The structure of interaction with the AI ​​was verbally defined (see the architecture section), and endpoints began to be written. Anna began to write the mongodb scheme, endpoints for parsing data and writing to mongo (see commit).

Architecture: #

It was clarified in detail for a better understanding of the API requirements.

  • Mongo:
    Moodle is stored in mongo - information about courses (id and names, list of file names in the course). The files themselves are in minio (see below). Separate collections for each resource (site - sports, foodwiki, etc.): link to the site/page, text in md format, page name, to send to the front and display not https://long_link… but just Handbook.

  • Minio:
    stores large files (moodle pdfs). Runs on a separate server. Back can make links to files in minio. Back sends to the front just links to these files - the user, if he wants to download a file, just clicks on the button and downloads this file by the link

  • Vector base + embendings + LLM
    work as one system. See Week #1 for specific technologies.

  • For search functionality:
    The user asks a question. Front sends it along with filters (return links or files, search in moodle foodwiki sports, etc.) as query parameters. The backend sends this question along with the places to search (already json’ami) to the vector database + embeddings api. In the database, for each resource (eduwiki, etc.), the best candidates are selected independently of each other, then a set of id for monga and score (confidence in the answer) is returned to the backend. Then the backend, depending on the type (file or link), getting this information from monga, returns a list of answers to the frontend.

  • For ask functionality:
    The user asks a question. The frontend sends it to the backend. The backend also accesses the vector database + embeddings api. The backend returns not id for monga, but the pieces of text from Moodle PDFs, parsed sites. Then the backend sends these pieces to the LLM api along with the user’s question. LLM, taking into account the additional context, already produces something meaningful based on these texts. This is called RAG (thanks again to Ruslan). Then simply the LLM response is sent to the back, then to the front

  • Updater:
    The database needs to be updated, for example, with new site parsing, with new files in moodle (already done).

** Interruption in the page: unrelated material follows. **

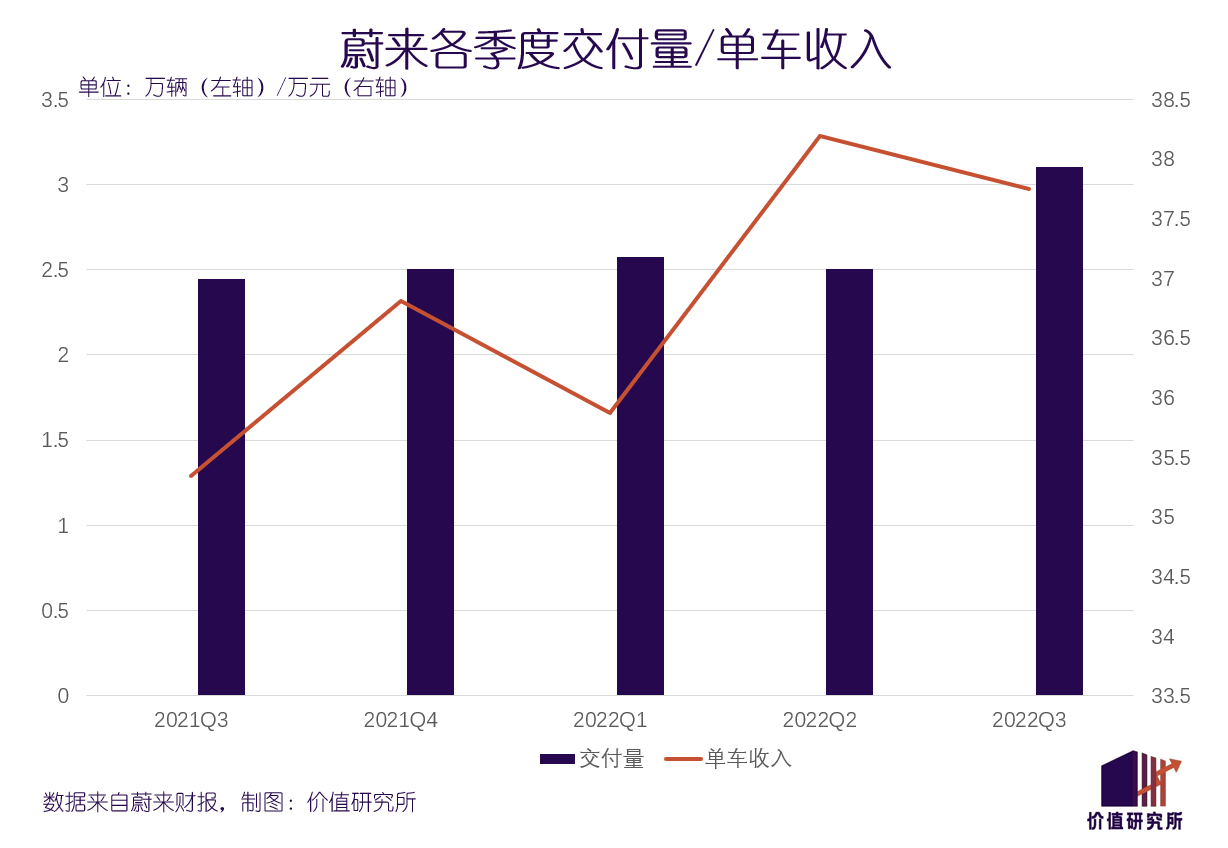 数据显示,蔚来三季度汽车销售毛利率录得16.4%,低于市场预期的17.5%,也不如二季度的16.7%和去年同期的18%。此外,单车收入也较二季度的38.19万元下滑至37.75万元。

It is necessary to delete records from the vector database, from mongo, upload them again to mongo, upload them to the vector database (along with new id’s for mongo).

Weekly commitments #

Individual contribution of each participant #

Team MemberContribution
Anna Belyakova (Lead)See design + frontend, backend, and ML sections
Vladimir PaskalSee ML section
Azaliia AlishevaSee ML section
Aliia BashirovaSee design + frontend section
Sofia PushkarevaSee ML section

Plan for Next Week #

  • Finish the frontend components and implement the logic of interaction with the page
  • Save all searches in database
  • Add new sources (eduwiki, CampusLife, dorm, maps) into basic search pipeline
  • Reimplement vector search with LanceDB or Chroma

Confirmation of the code’s operability #

!!! The working code in the backend repository is in the main branch, and in the frontend repository in the capstone branch (difficulties due to automatic deployment)

  • In working condition.
  • Run via docker-compose (or another alternative described in the README.md).